Teeming with diversity and life, the Earth’s oceans shelter more than 300,000 marine species. They also generate 70 percent of the planet’s oxygen and are the primary source of protein for close to a billion people. However, the oceans’ supposedly endless abundance of resources is now being depleted as humans trawl aquatic fauna faster than our planet can replenish—pushing many ecosystems to the brink of collapse.
Trawling it all away
With the growth of the global population came a growing demand for food—as well as harmful industry practices that are the product of global overconsumption. This demand has pushed many governments to spend billions of dollars on subsidies for damaging fishing practices, despite their commitment to eradicate them.
This money is what props up bottom trawling, an industrial fishing method that uses large nets to scrape everything off the seafloor. These fishing nets can measure up to two miles long and are anchored hundreds of feet deep, having little to no control of the catch as the nets hog everything in their path. Since trawling nets are non-selective, other marine species are captured and later discarded dead overboard. This inadvertent hauling of species is known as “bycatch”, where animals such as sea turtles, albatross, and cetaceans are caught by fishing nets that are targeted for smaller animals. The process also destroys ecosystems at the lowest region of the ocean—the benthic zone—which may take decades to recover.
“Not only do [fishermen] kill the fish that live there but they also destroy the [marine] ecosystem after trawling,” contends Frederik Jutfelt, an associate professor at the Norwegian University of Science and Technology.
Although new technologies have revolutionized fishing methods, they have also contributed to a cascading ecological collapse across the oceans. Propelled by fishing industries, the prevalence of satellite navigation, dynamite fishing, scallop fishing, and trawling gear today leads to overfishing that disrupts ecosystems and may later threaten the global fishing industry.
A “plasticarian” diet
In addition to the said fishing methods, plastics also contribute to the destruction of marine life and ecosystems. According to the International Union for Conservation of Nature, around eight million tons of plastics are discarded into oceans annually, comprising about 80 percent of marine debris.
Such trash harms marine ecosystems in various ways. Species such as seabirds, whales, and turtles are known to ingest large plastics (macroplastics) such as plastic bags and straws. Further, on an annual basis, approximately one million seabirds and 100,000 marine mammals perish due to plastic ingestion.
While plastic bags and straws are major contributors to ocean pollution, discarded fishing equipment, known as ghost fishing gear also harm the oceans as t approximately 500,000 to one million tons of fishing gear are lost to sea annually.
But perhaps the greatest threat to our oceans today are microplastics, the physical and biological breakdown of plastic marine debris, which pose a greater threat compared to macroplastics as marine species can easily ingest these particles.
“Microplastics [are] any plastics that [get] broken down into tiny pieces,” Jutfelt elucidates. The absorption of microplastics can cause abnormalities within the digestive system of marine organisms and degrade their eating habits, both of which reduce growth rates and stunt reproductive functions.
Apart from dynamite fishing and bottom trawling, whaling is another controversial fishing activity that has garnered international attention. One of the more contentious whaling practices is known as “grindadráp”, a Faroese tradition where pods of pilot whales are slaughtered for their meat and blubber.

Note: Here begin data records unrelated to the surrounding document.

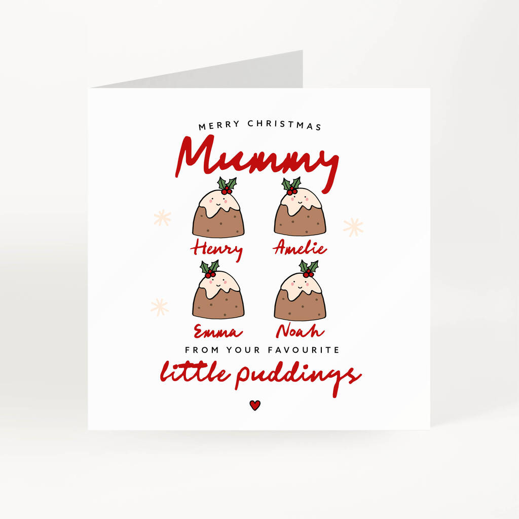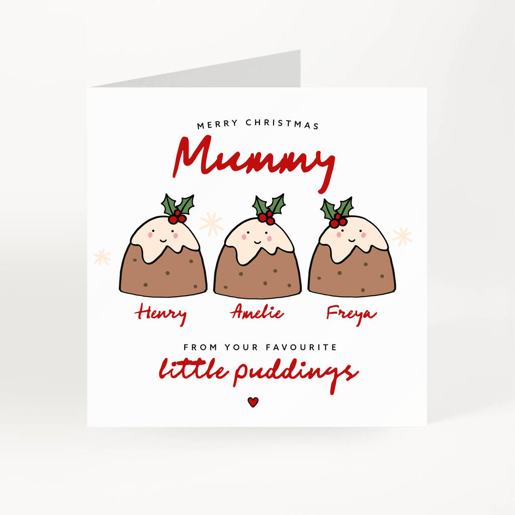 Personalised Christmas card for Mummy with a cute little pudding design. A fun festive card from children, daughter or son to send this festive season
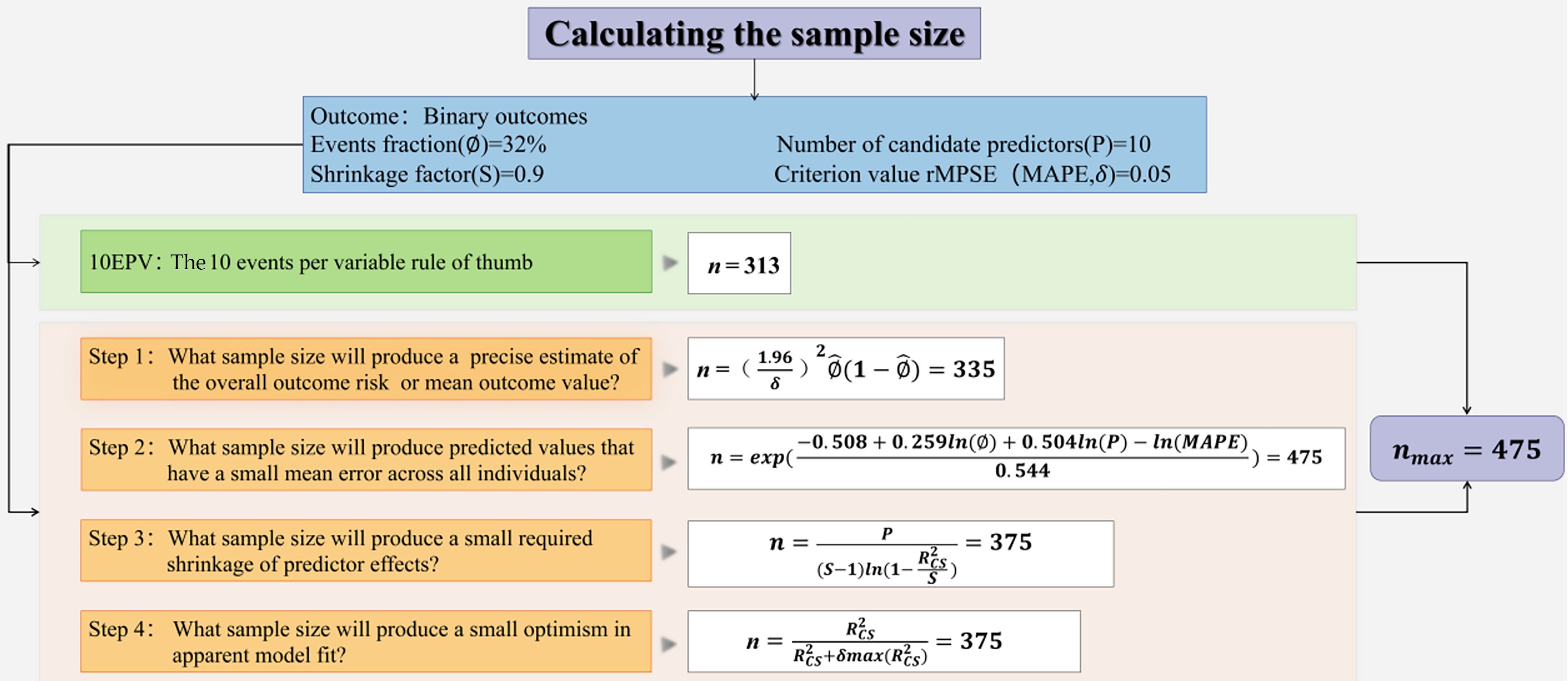 rMPSE: Root mean squared prediction error; MPSE: Mean squared prediction error; EPV: Events per variable. In formula: Ø: Events fraction; δ: A margin of error, generally recommend < 0.05; P: Number of candidate predictors; S: Shrinkage factor; R2cs: A (conservative) value for the anticipated model performance is required, as defined by the Cox-Snell R squared statistic; MAPE: The mean absolute prediction error; n: The sample size.
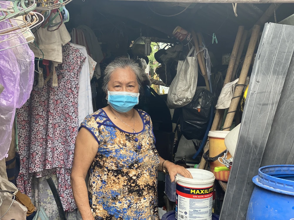 Cư trú tại phường Bình Trưng Đông được 11 năm nhưng bà vẫn chưa đăng ký tạm trú tại đây. Nhặt ve chai chỉ đủ sống qua ngày chứ không có tích lũy. Dịch bệnh ập đến và kéo dài, hàng ngày bà phải dựa vào những suất ăn miễn phí từ “Bếp cơm nghĩa tình”.
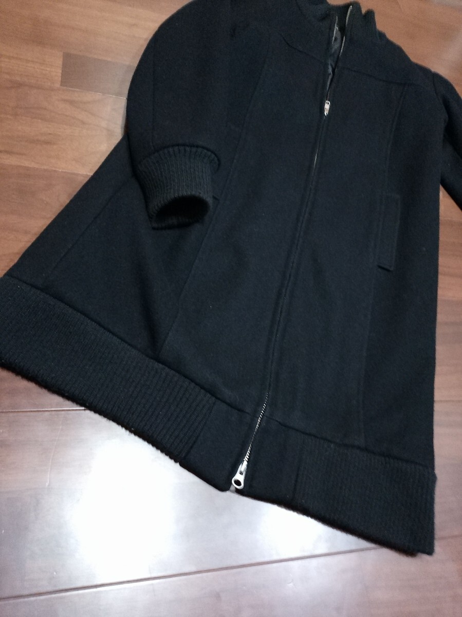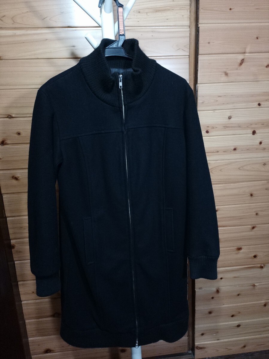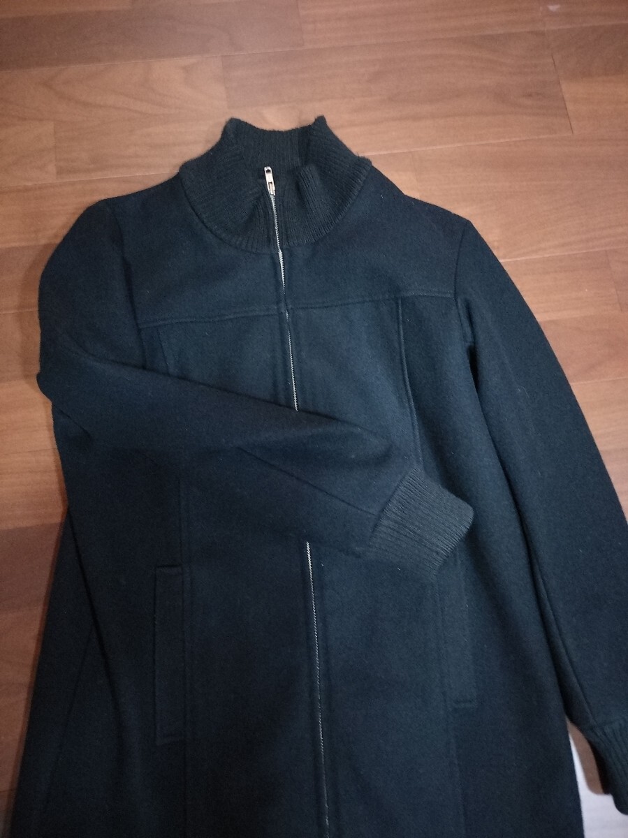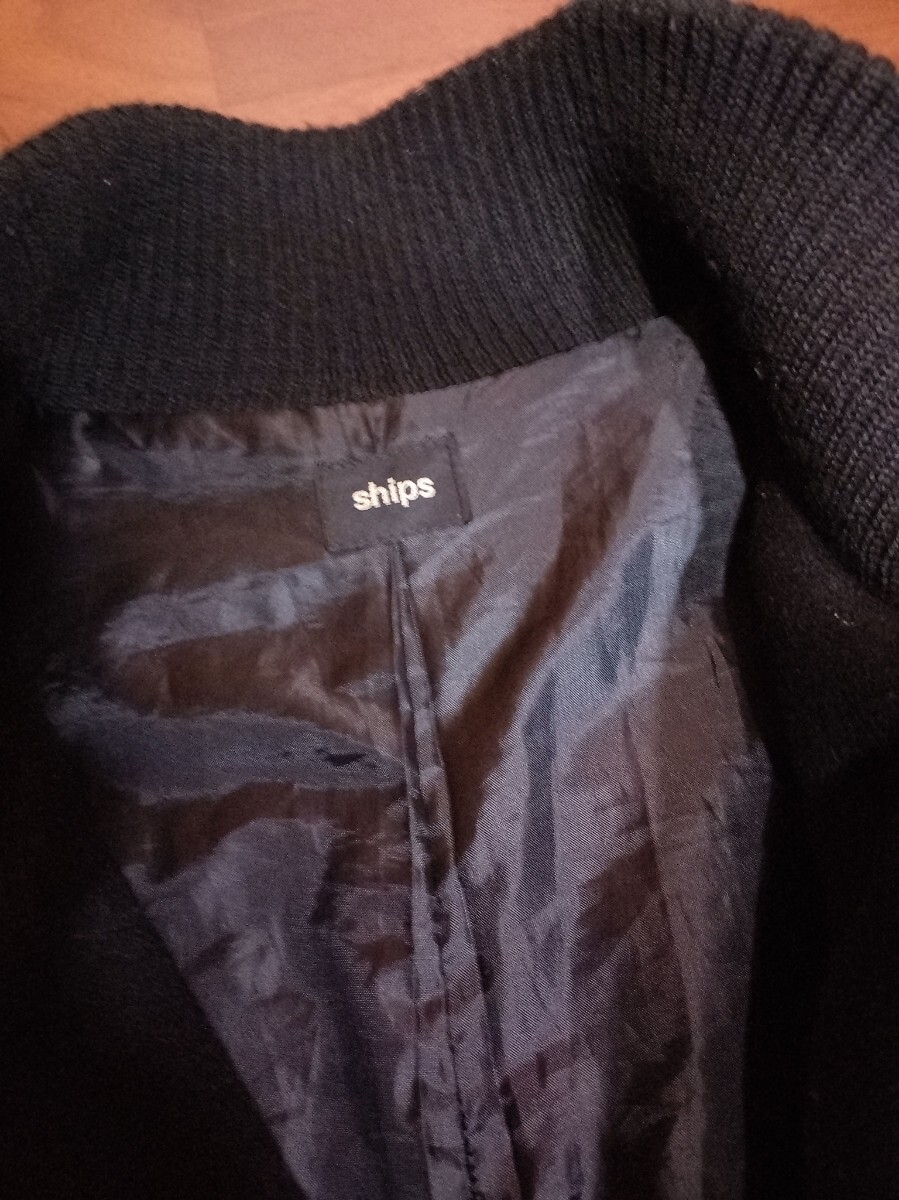 SHIPS シップス ロング メルトンウールコート ドライバーズ コート 日本製 90sヴィンテージ 襟袖裾リブ アウター 黒 レディース
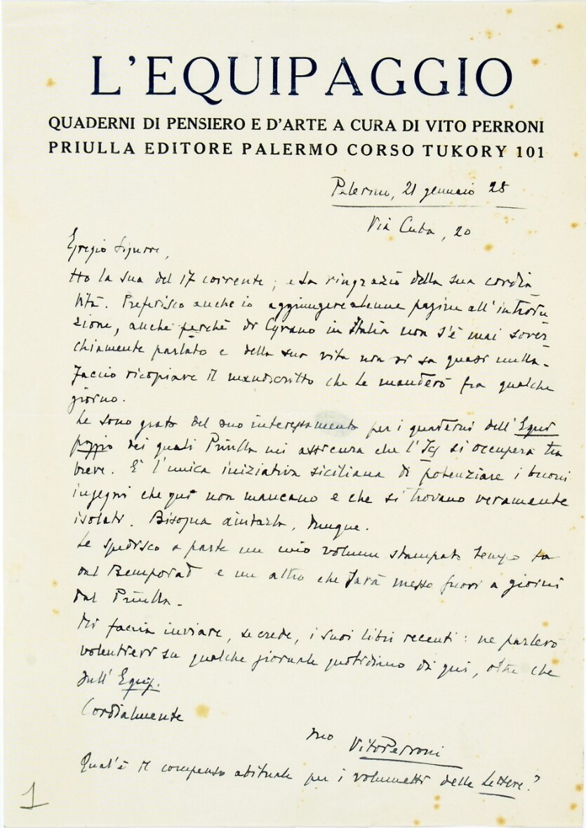 Lettere di Perroni, Vito (1928 - 1934)
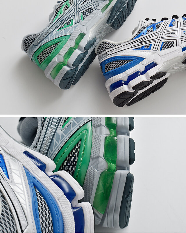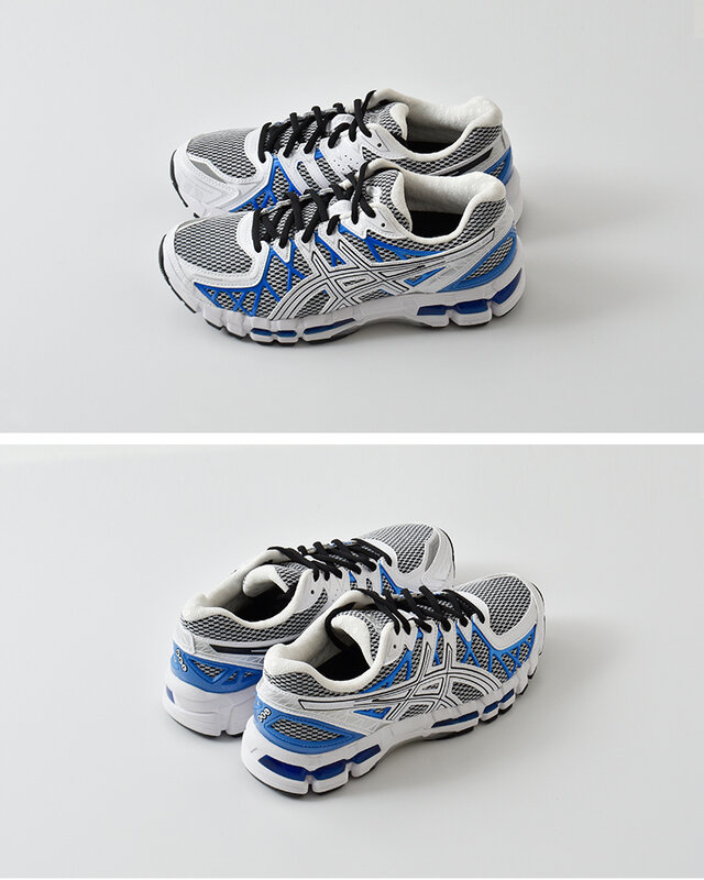ツートーンのメッシュアッパー構造には、優れたフィット感をもたらすFLUIDFIT(フルイドフィット)を採用。網状に張り巡らされたTPU素材は、サポート性を高めるために足の動きに沿うよう配置されており、金属を彷彿させるアルマイト処理による仕上げを施すことでデザインのアクセントとしています。アッパー同様、建設的な美しさをもつソールにはGELテクノロジーとGUIDANCE TRUSSTIC(ガイダンストラスティック)によるサポートシステムを搭載し、日常シーンで優れた快適性と安定性を提供します。
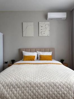 - Техника: смарт ТВ, сплит-система, микроволновая печь, вытяжка, утюг, в ванной тропический душ.
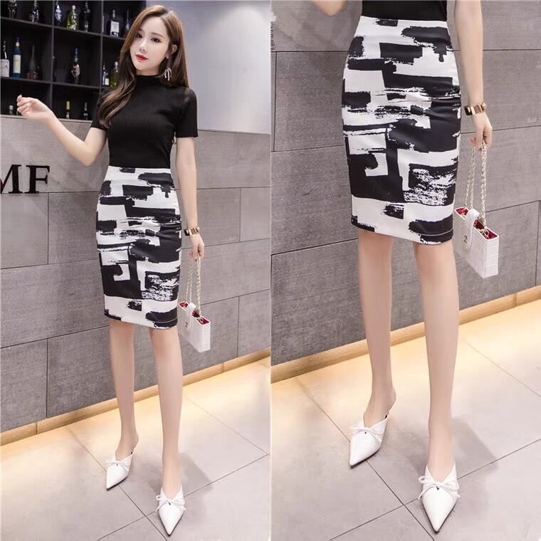 モノトーンデザイン、タイトでボディラインを美しくみせてくれるタイトな膝丈スカート⭐︎
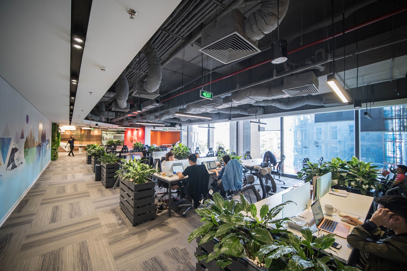 Cây xanh trang trí trong văn phòng làm việc tạo không gian trong lành, thoải mái và dễ chịu. Ánh sáng được bố trí hài hòa tạo hiệu ứng bắt mắt, đồng thời đảm bảo không gian làm việc cho nhân viên.
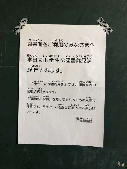 三年生が図書館見学をした時、西成図書館の前に張り出してくださったお知らせ掲示です。
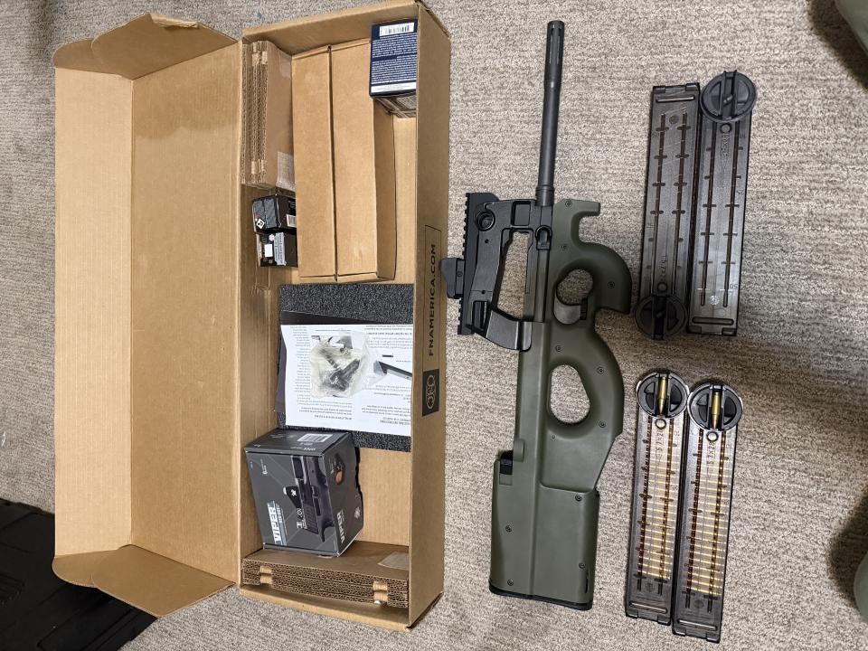 Firearms & Hunting Fn PS90 5.7x28mm 1 mag through it very clean 4 mags, 2 of them full with Speer gold dot Fiochi box has like 50ish rounds in it $1250 Idaho Falls Text Only 208-270-2962 Will meet at Guns N Gear to transfer in your name. Will be free to do that Log in or register to post comments
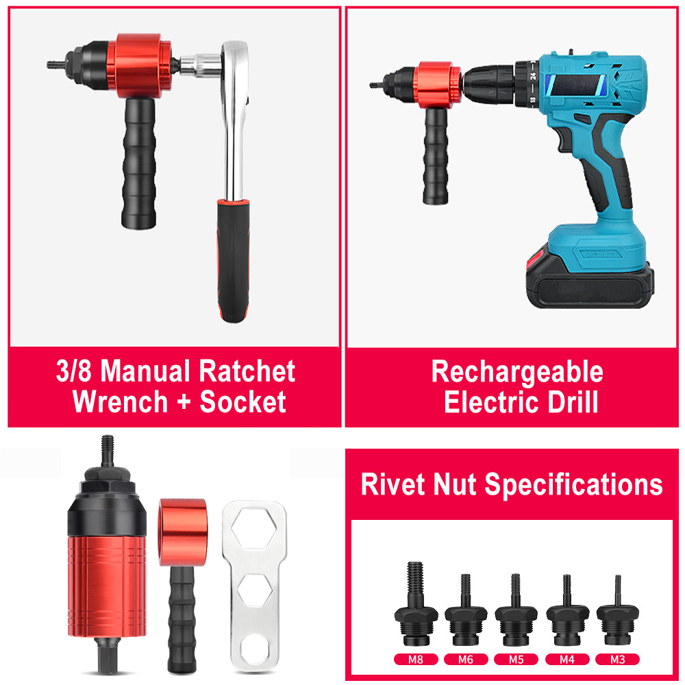Specifications: electric nut gun (with M3M4M5M6M8 head), electric nut gun + 1/2 sleeve + manual ratchet wrench
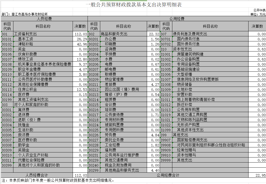 一般公共预算财政拨款基本支出决算明细表
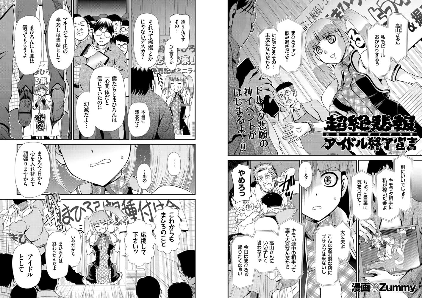 ツインテールが目印の鶴瀬まひろは人気急上昇中のアイドル♪ レコ発ミニライブ&握手会の会場でファンによるスキャンダル暴露が発端となってまさかの種付けミーティングがスタート!! 憤慨するファン一同を前にたじろぎながらも反論するまひろだが、ボコボコにされたマネージャーの姿に本性が発現。その様子にぶち切れたキモオタファンに囲まれたまひろはあっという間にあられもない姿にひん剥かれ穴という穴にオチ○ポをぶち込まれていくのであった…。
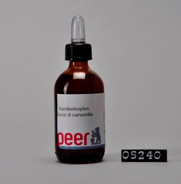 Brauner, runder zylindrischer Flaschenkörper mit abfallender Schulter und Seitennaht. Mündungsrand verstärkt, mit Schraubgewinde. Schwarzer Drehverschluss aus Polypropylen (PP) mit Tropfenzähler aus farlosem Glas und Kunsstoffkappe aus Polyvinylchlorid (PVC). Bodenrand geriffelt. Seitliche Prägung: 50, 20 und Punkte. Enthält Kamillentinktur.
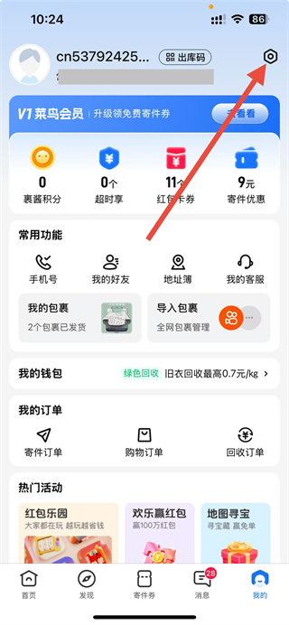 1、打開菜鳥app,進入我的,點擊右上角的設置。
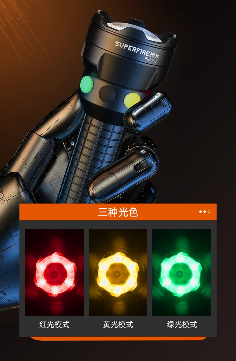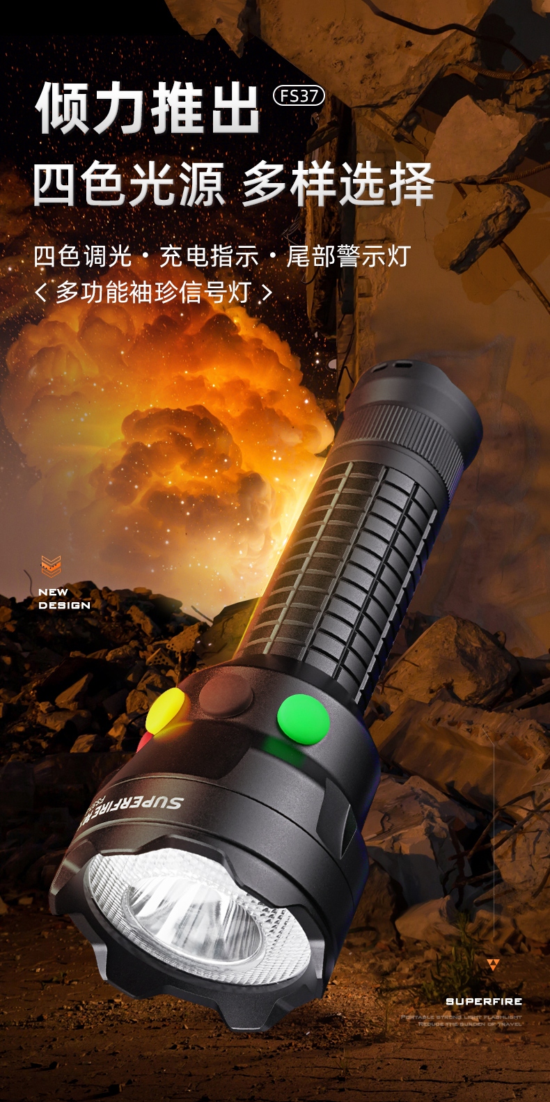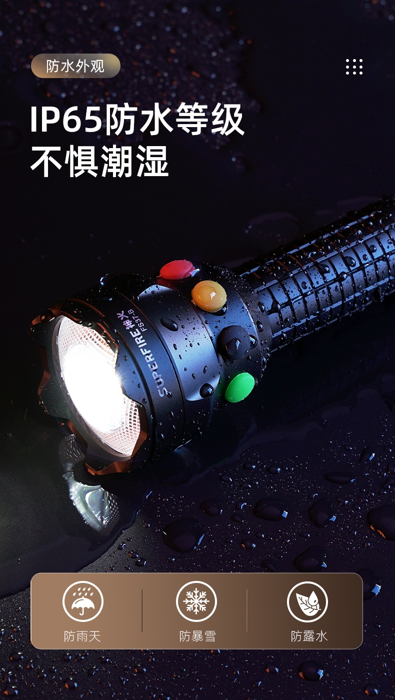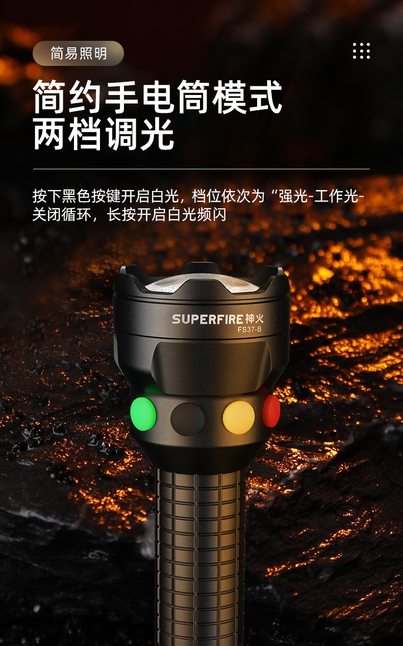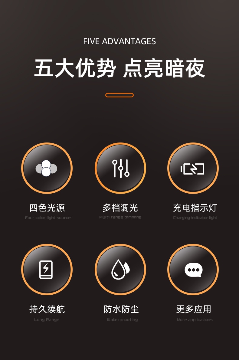 五大优势点亮黑夜 四色光源 多档调光 充电指示灯 持久续航 防水防尘 更多应用

Environmental groups argue that mercilessly capturing a pod and driving them onto the beaches is unethical, with many groups labeling it an “insane bloodsport” as an average of 800 whales are hunted down annually.
Jutfelt furthers that whale hunting may lead to their imminent endangerment as the number of whales slaughtered may increase in the succeeding years. He notes that “[Whales] can’t quickly rebound…it takes a long time for them to be restored” in comparison to other marine species because of their slow growth rate and inability to produce calves in great numbers.
Although this issue on whale slaughter has caught the attention of the public, the Faroese government contends that whale hunting provides local communities with food and that the practice is regulated by law. It also maintains that grindadráp is sustainable and encourages concerned individuals not to be preoccupied with the issue.
However, while Faroese locals claim the practice is sustainable, Jutfelt questions the ethicality of the current whaling practices, “I think the rules are working quite well and the numbers taken are very low by these countries and I don’t think it’s a threat to the sustainability of the population, but, I still think it shouldn’t be done.”
The heart of the ocean
It is evident that commercial fishing practices have caused large-scale marine ecological disruption and the decline of marine species. Viewing the oceans as an infinite resource is what leads to their degradation. If we continue to see the oceans as a benign provider of our needs, without recognizing the cost of man-made damage, ecosystems will be unable to replenish and ultimately cause harm to mankind.
As such, improving fishing practices to lessen or prevent the ecological damage they can cause remains a priority so marine ecosystems can flourish while simultaneously providing the necessary resources for humanity.
As Jutfelt puts it, “We need to ensure good welfare and humane handling of the animals” for once our environment is severely affected, it is only a matter of time before our lives are put at stake.